# Why can't we store values using pointer at the function?

#1

why doesn’t the code work and I’m getting error like
Incompatible integer to pointer conversion passing 'unsigned to parameter of type 'double *'
here’s the code

``````
#include <stdio.h>
#include <math.h>

void metersToFeetAndInches(double meters, unsigned int *ftPtr, double *inPtr){
//Convert meters into decimal value of feet and inches
double feet_and_inches= meters*3.218;
// Seperate the feet and inches value from the decimal value
double inches = modf(feet_and_inches,*ftPtr);
//Store value of inches at inPtr
double inches*=12.0
*inPtr=inches;

}

int main(int argc, const char * argv[])
{
double meters=3.0;
unsigned int feet;
double inches;

metersToFeetAndInches(meters, &feet, &inches);
printf("%.1f meters is equal to %d feet and %.1f inches.", meters, feet, inches);

return 0;
}``````

#2

[quote]Incompatible integer to pointer conversion passing ‘unsigned to parameter of type 'double *
[/quote]
Read the manual page for the modf function and find out what type of argument you can pass for the second parameter.

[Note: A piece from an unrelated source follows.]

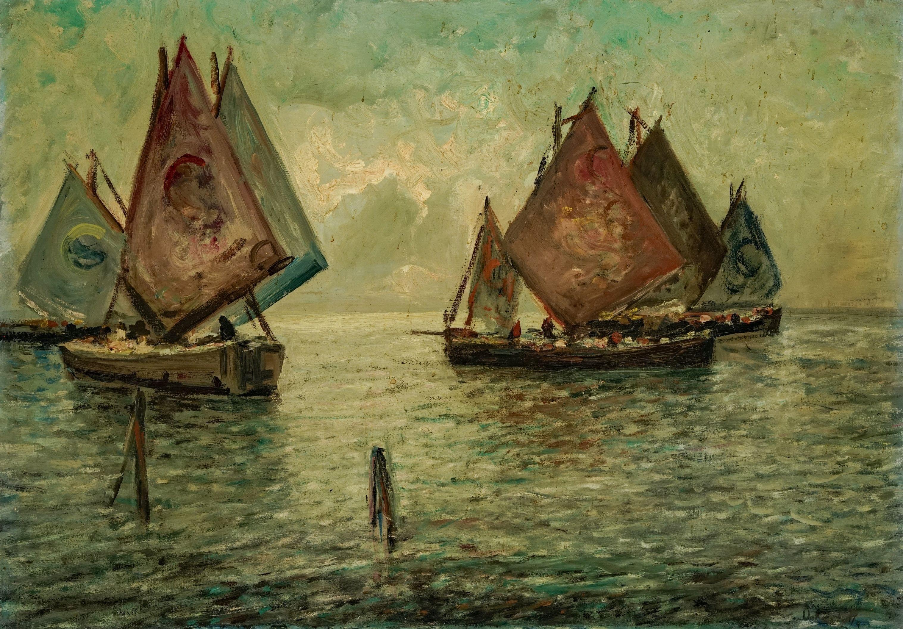 Coucher de soleil en Adriatique (Tramonto Adriatico), huile sur toile, signée, 49x69 cm. Provenance: Galeria Luigi Bozoni, Milano
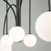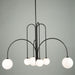 A perfect compliment to any environment is the airy and clean looking "Comet" collection. This series can definitely be a focal point but not distracting. This collection features thin matte black arms and spherical white glassware. This glass is illuminated by bright G9 LED bulbs. 6 light chandelier shown but also has a stunning double type matching pendant.

The type of the second argument should be double *, not unsigned int.

#3

Why can’t this works now?
I mean I’ve already set double*ftPtr

``````
#include <stdio.h>
#include <math.h>

void metersToFeetAndInches(double meters, double *ftPtr, double *inPtr){
//Convert meters into decimal value of feet and inches
double feet_and_inches= meters*3.218;
// Seperate the feet and inches value from the decimal value
double inches = modf(feet_and_inches, *ftPtr)*12.0;
*inPtr=inches;

}

int main(int argc, const char * argv[])
{
double meters=3.0;
double feet;
double inches;

metersToFeetAndInches(meters, &feet, &inches);
printf("%.1f meters is equal to %f feet and %.1f inches.", meters, feet, inches);

return 0;
}
``````

#4

Still not correct. This time you are passing a double, not a double *.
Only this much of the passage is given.